Items from a data source:
......

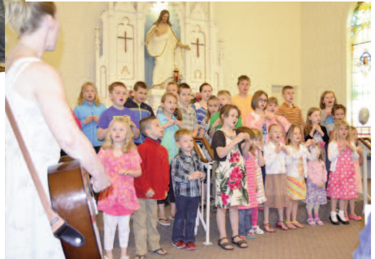
Sunday School Kids Sing
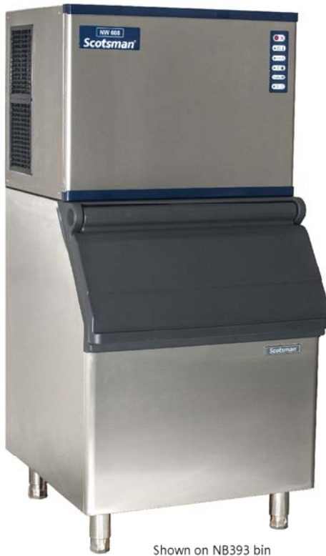
Shown on NB393 bin
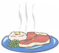
Second course "Meat" your friends in Rapid City!
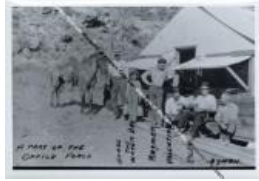
Highline Canal Workers and Office Staff (F245.1)
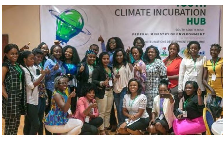
Nigerian youths after a workshop.

At the national level, the Government of Nigeria recognizes the significant role of young people in national development and the need to create an enabling environment for them to contribute to the country's sustainable development. These are reflected in Nigeria's National Youth Policy (Federal Republic of Nigeria, 2019). While the policy does not speak expressly about how youths might engage with the challenges of climate change, it states in Section 2.2 that it aligns
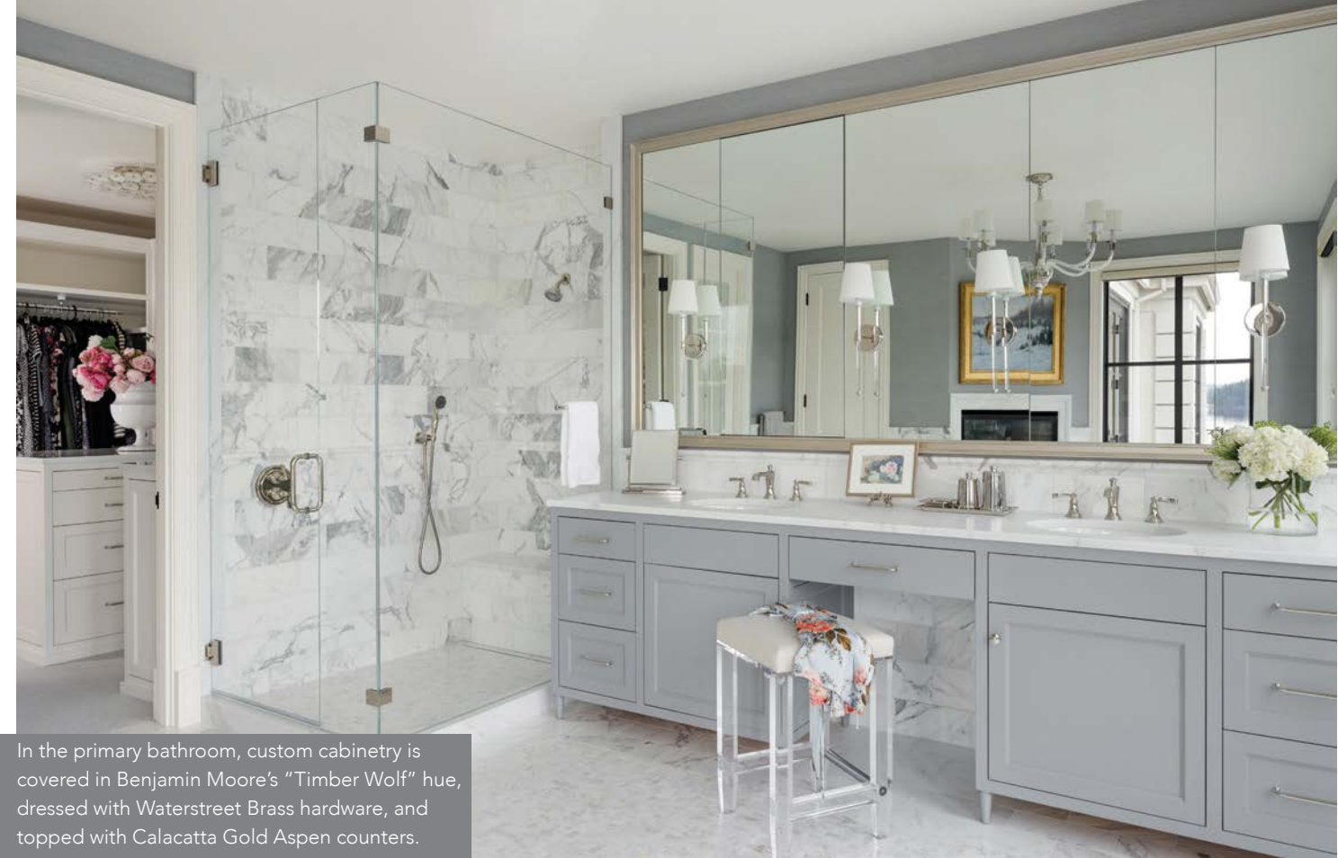
In the primary bathroom, custom cabinetry is covered in Benjamin Moore's "Timber Wolf" hue, dressed with Waterstreet Brass hardware, and topped with Calacatta Gold Aspen counters.
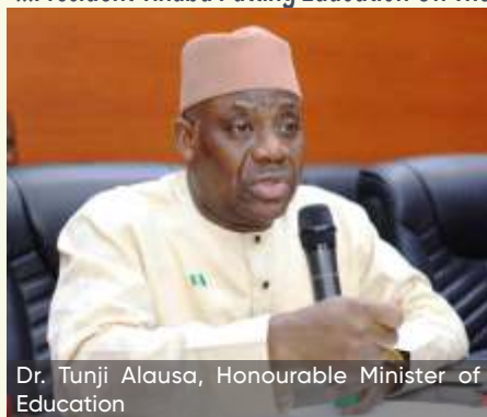
Dr. Tunji Alausa, Honourable Minister of Education

"The beauty of any agreement is not at the point of signing; it is at the implementation phase. In fact, before today, we have already started implementation with the release of the circular backing all the various welfare components of the agreement.
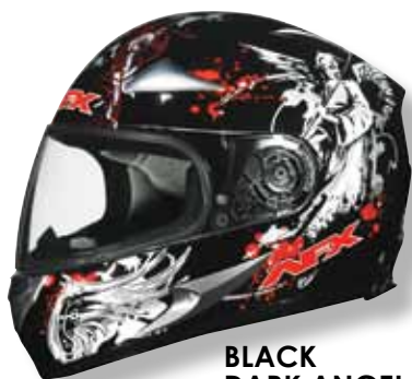
BLACK DARK ANGEL

......

_INSTRUCTIONS FOR THE TASK_. Nothing but the lines from the one with "of the agreement." through the end of the entries above, both included, should be set down, exactly and without pictures.

_ANSWER AREA_.
"The beauty of any agreement is not at the point of signing; it is at the implementation phase. In fact, before today, we have already started implementation with the release of the circular backing all the various welfare components of the agreement.
BLACK DARK ANGEL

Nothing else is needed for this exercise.